Range and benefit information provided in this posting are specific to the stated locations only
US: Hiring Range in USD from: $120,100 to $251,600 per annum. May be eligible for bonus, equity, and compensation deferral.
Oracle maintains broad salary ranges for its roles in order to account for variations in knowledge, skills, experience, market conditions and locations, as well as reflect Oracle's differing products, industries and lines of business.
Candidates are typically placed into the range based on the preceding factors as well as internal peer equity.
Oracle US offers a comprehensive benefits package which includes the following:
1. Medical, dental, and vision insurance, including expert medical opinion
2. Short term disability and long term disability
3. Life insurance and AD&D
4. Supplemental life insurance (Employee/Spouse/Child)
5. Health care and dependent care Flexible Spending Accounts
6. Pre-tax commuter and parking benefits
7. 401(k) Savings and Investment Plan with company match
8. Paid time off: Flexible Vacation is provided to all eligible employees assigned to a salaried (non-overtime eligible) position. Accrued Vacation is provided to all other employees eligible for vacation benefits. For employees working at least 35 hours per week, the vacation accrual rate is 13 days annually for the first three years of employment and 18 days annually for subsequent years of employment. Vacation accrual is prorated for employees working between 20 and 34 hours per week. Employees working fewer than 20 hours per week are not eligible for vacation.
9. 11 paid holidays
10. Paid sick leave: 72 hours of paid sick leave upon date of hire. Refreshes each calendar year. Unused balance will carry over each year up to a maximum cap of 112 hours.
11. Paid parental leave
12. Adoption assistance
13. Employee Stock Purchase Plan
14. Financial planning and group legal
15. Voluntary benefits including auto, homeowner and pet insurance
The role will generally accept applications for at least three calendar days from the posting date or as long as the job remains posted.
Career Level - IC5
Platform Architecture and Definition
- Participate in platform definition, architecture evaluation, and analysis for existing and next-generation Cloud AI platforms.
- Evaluate system architectures, proposed implementations, and scaling and optimization strategies.
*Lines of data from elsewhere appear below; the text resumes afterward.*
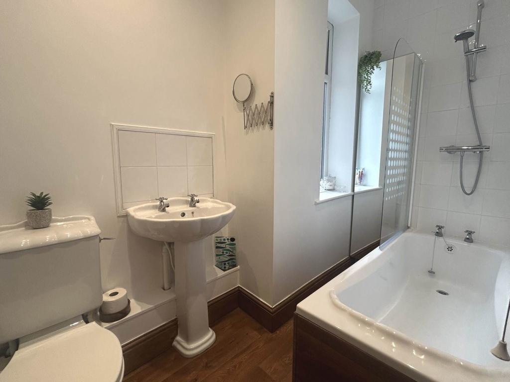With three piece suite, wall mounted shower with shower/bath screen, splash back tiling, heated towel rail and double glazed window to the side.
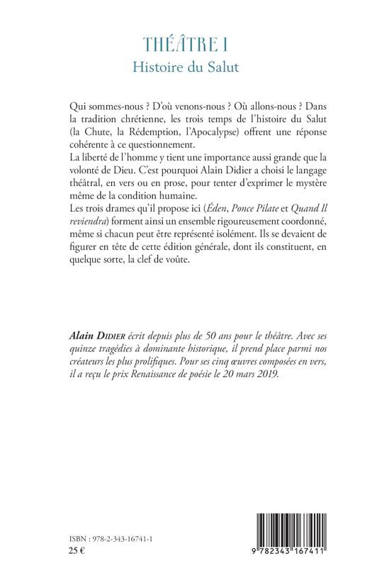 Qui sommes-nous ? D'où venons-nous ? Où allons-nous ? Dans la tradition chrétienne, les trois temps de l'histoire du Salut (la Chute, la Rédemption, l'Apocalypse) offrent une réponse cohérente à ce questionnement. La liberté de l'homme y tient une importance aussi grande que la volonté de Dieu. C'est pourquoi Alain Didier a choisi le langage théâtral, en vers ou en prose, pour tenter d'exprimer le mystère même de la condition humaine.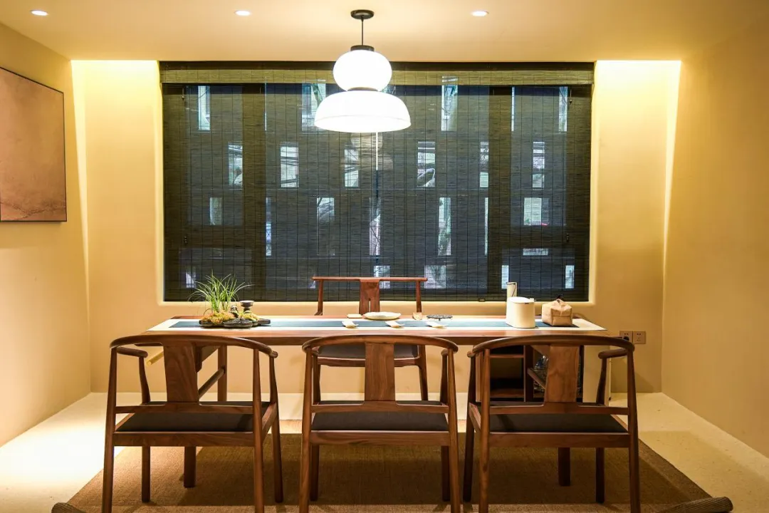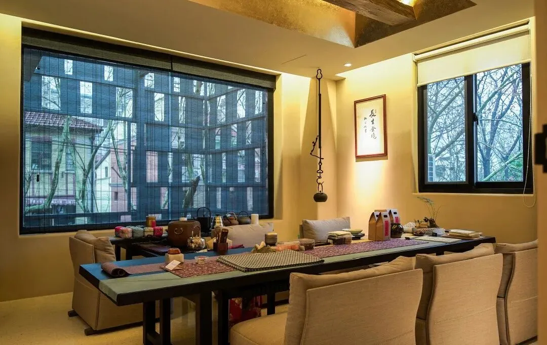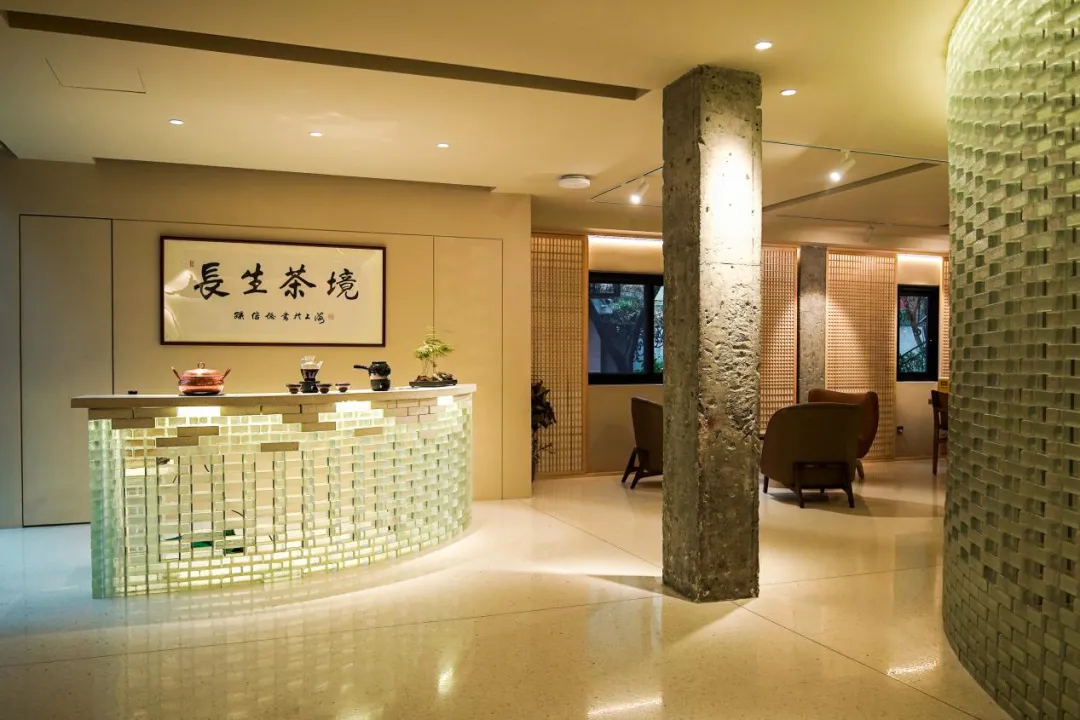 俗话说,道家养神,但是长生茶境却更养“性”,茶馆不在繁华的闹市区域,藏匿在人文气息浓厚的南昌路深巷里,茶馆大门的设计十分讲究“侘寂”美学,“长生”二字分别用繁体和“耐人寻味”的符号来展示,无论是从空间还是从艺术角度出发都体现出了“长生”二字,意境非凡。

- Review and assess third-party merchant silicon used for AI accelerator modules and GPU/CPU platforms.
- Balance hardware performance priorities against power, cost, regulatory, and cross-functional requirements.
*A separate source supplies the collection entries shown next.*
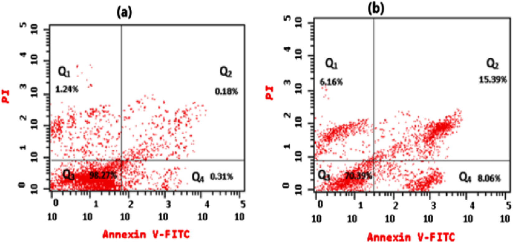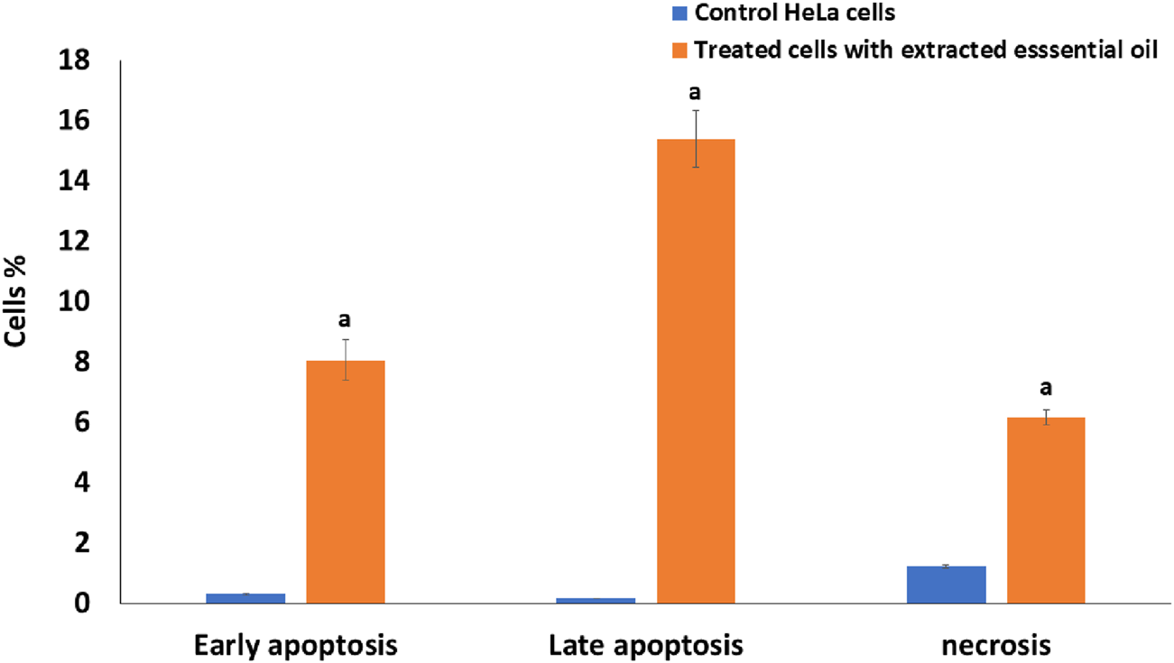 The Annexin V/PI assay can be used to discriminate between necrotic and apoptotic cells using both FITC Annexin V-fluorescein isothiocyanate and (PI) propidium iodide stains, depending on the ability of FITC to bind to the phosphatidyl serine (PS), which allows it to transfer to the outer cell membrane from the inner plasma membrane after the early apoptotic process. Also, the permeabilized membrane of the necrotic cells was identified by using PI. The percentage of apoptotic/necrotic cells in the treated HeLa cells that were previously treated for 24 h with an IC50 concentration of the extracted essential oil from C. papaya seeds and untreated HeLa cells was detected by an Annexin V-FITC kit (BD Bioscience) as previously reported (Ahmed et al., 2024; Mustafa et al., 2025). In a nutshell, in a 6-well culture plate, HeLa cancer cells were harvested and incubated overnight; that is, it allowed the cells to adhere and proliferate. Then, the HeLa cells were treated with the extracted essential oil for 24 h. Then, the treated and untreated HeLa cells were trypsinized, centrifuged, and then washed with cold phosphate buffer saline twice. After that, the washed cells were reacted with the Annexin V binding buffer, and then into a culture tube, 100 µL of this cell solution was transferred for 15 min in the dark, allowing the Annexin V-FITC to incubate with stained cells and identify the presence of necrotic cells and also early and late apoptotic cells by using a BD Biosciences, BD FACS CaliburTm flow cytometer.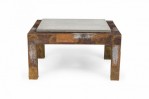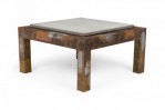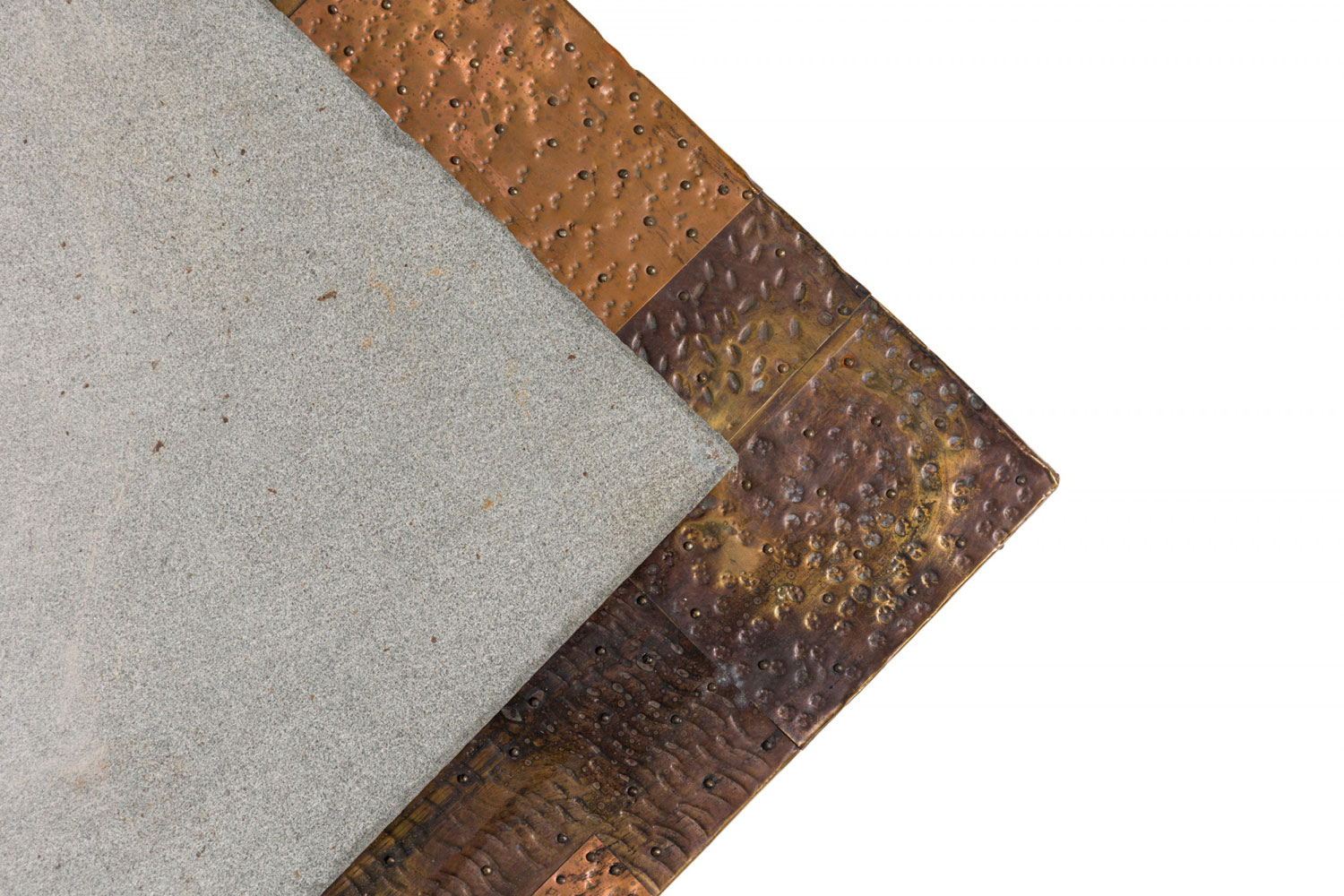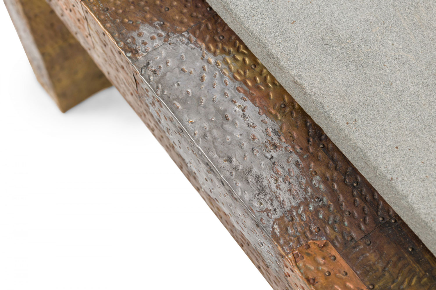 PAIR of American Mid-Century square coffee / cocktail tables with textured metal clad frames and pronounced light gray slate tops. (manner of PAUL EVANS)(PRICED AS PAIR)
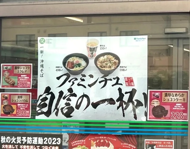 ▼ An ad for the Faminchu (“ファミんチュ”) range of foods at a Family Mart in Okinawa.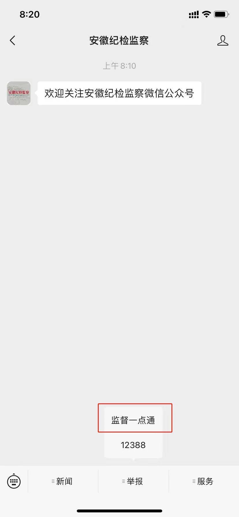 2、進入下方“安徽紀檢監(jiān)察 ”微信公眾號菜單欄,點擊“舉報”,選擇“監(jiān)督一點通”進入服務平臺。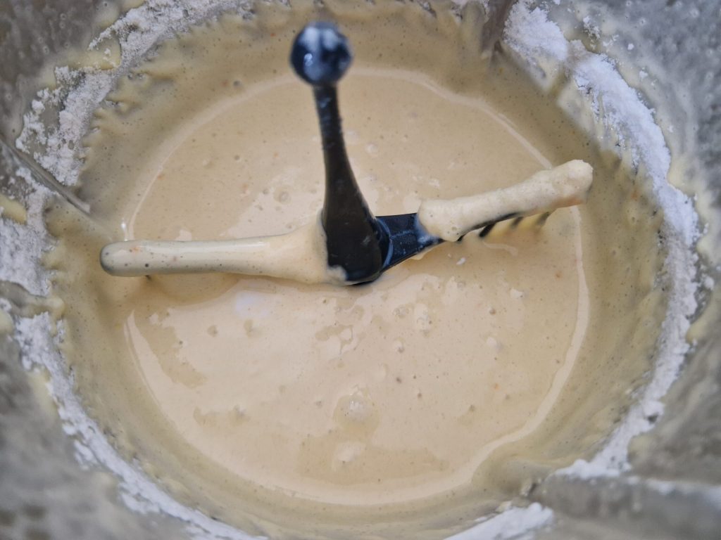 Voeg de warme melk beetje bij beetje aan het beslag toe en verwerk deze met zachte bewegingen.

- Drive definition, development, integration, debug, characterization, and tuning of AI hardware platforms.
- Provide platform development oversight for internal teams and third-party partners.
- Work with in-house engineering experts on design reviews, schematics, board layout, and implementation decisions.
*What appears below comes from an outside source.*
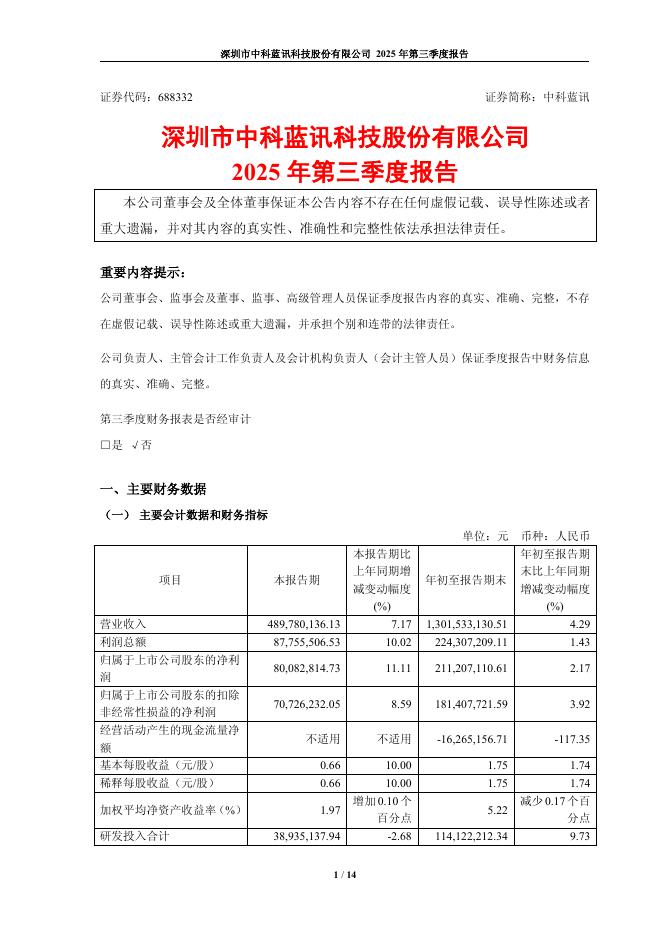 688332-中科蓝讯:2025年第三季度报告.pdf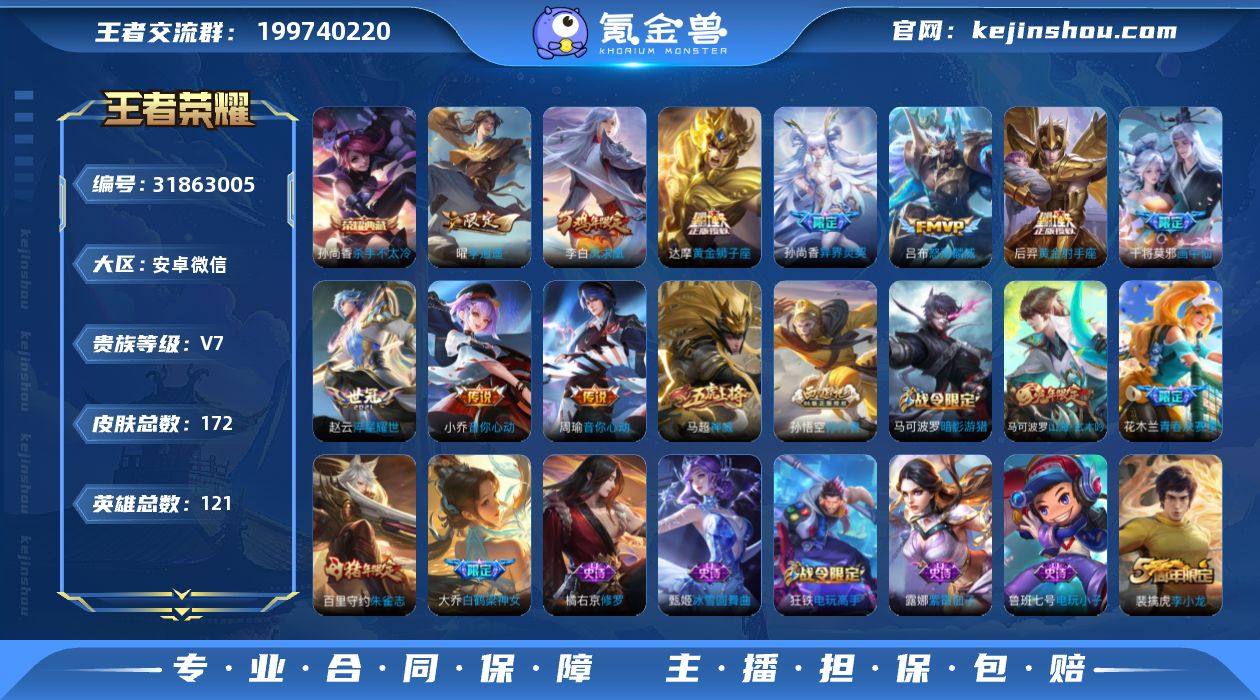 安卓Q-V1-永恒钻石II段位-124英雄-291皮肤-2典藏皮肤-17传说-86史诗 【英雄全皮】:金蝉全皮,影全皮 【荣耀典藏】:孙悟空全息碎影,诸葛亮星域神启 【传说皮肤】:诸葛亮鹤羽星尊,马可波罗深海之息,后羿无尽星芒,赵云淬星耀世,铠绛天战甲,虞姬启明星使,曜云鹰飞将,李信一念神魔,刘备时之恋人,干将莫邪久胜战神,虞姬云霓雀翎,达摩黄金狮子座,诸葛亮武陵仙君,孙尚香末日机甲,宫本武藏地狱之眼,孙悟空地狱火,狄仁杰超时空战士 【限定皮肤】:狄仁杰阴阳师,赵云皇家上将,墨子神迹守卫,庄周高山流水,高渐离玩趣恶龙,白起夜都怪侠,芈月幻夜卜梦,元歌云间偶戏,夏侯惇匿光决锋者,马可波罗深海之息,狄仁杰魔术师,狄仁杰万华元夜,达摩星际陆战队,达摩沙漠行僧,项羽海滩派对,老夫子醍醐杖,老夫子航海奇遇记,程咬金演武夺筹,韩信逐梦之影,韩信傲雪梅枪,王昭君午后时光,兰陵王金庭之子,亚瑟潮玩骑士王,后羿圣弓游侠,后羿无尽星芒,李元芳云中旅人,虞姬启明星使,钟馗驱傩正仪,干将莫邪胡桃夹子,干将莫邪真爱魔法,鬼谷子原初探秘者,鬼谷子五谷丰年,诸葛亮武陵仙君,诸葛亮鹤羽星尊,黄忠火炮绅士,铠青龙志,苏烈千军破阵,公孙离蜜橘之夏,沈梦溪大漠名商,明世隐疑决卦,明世隐吟游魔法,裴擒虎李小龙,裴擒虎擒涛扼浪,狂铁电玩高手,米莱狄胡桃异想国,云中君纤云弄巧,伽罗天狼溯光者,上官婉儿梁祝,嫦娥暖冬兔眠,鲁班大师探海日志,桑启海盐诗旅,金蝉唐三藏,暃星界游侠,张良古海寻踪,鬼谷子天穹祈灯 【年限皮肤】:铠青龙志 【赛季限定】:明世隐疑决卦,老夫子醍醐杖,鬼谷子原初探秘者,狄仁杰万华元夜,程咬金演武夺筹,钟馗驱傩正仪,苏烈千军破阵,达摩沙漠行僧,兰陵王金庭之子,沈梦溪大漠名商,李元芳云中旅人,桑启海盐诗旅,裴擒虎擒涛扼浪,鲁班大师探...

- Document and specify design intent and technical details in collaboration with engineering teams.
- Guide and support system integration, system test, qualification, and characterization.
- Define and oversee system validation plans, diagnostics features, and test strategies.
- Develop and expand system characterization and performance testing capabilities.
- Utilize supplier-provided and approved open-source AI platform qualification and test tools.
- Support definition of in-service system monitoring, error reporting, and operational health visibility.
- Collaborate with GPU and AI chip suppliers, system architects, firmware developers, and hardware engineers.
- Partner with storage, networking, compute, quality, security, cloud orchestration, and manufacturing teams.
- Support development program managers with technical assessments and planning.
- Assist manufacturing teams to ensure hardware is secure, robustly evaluated, and production-ready.
- Participate in hardware platform security evaluations.
- Guide internal teams and partners on scaling, monitoring, and deploying AI platforms into the cloud.
- Serve as a senior technical advisor to Oracle hardware, software, cloud, and support teams.
- Act as the final level of engineering support for complex deployed product issues.
- Assist with root-cause analysis through lab replication, remote debug, and cross-team collaboration.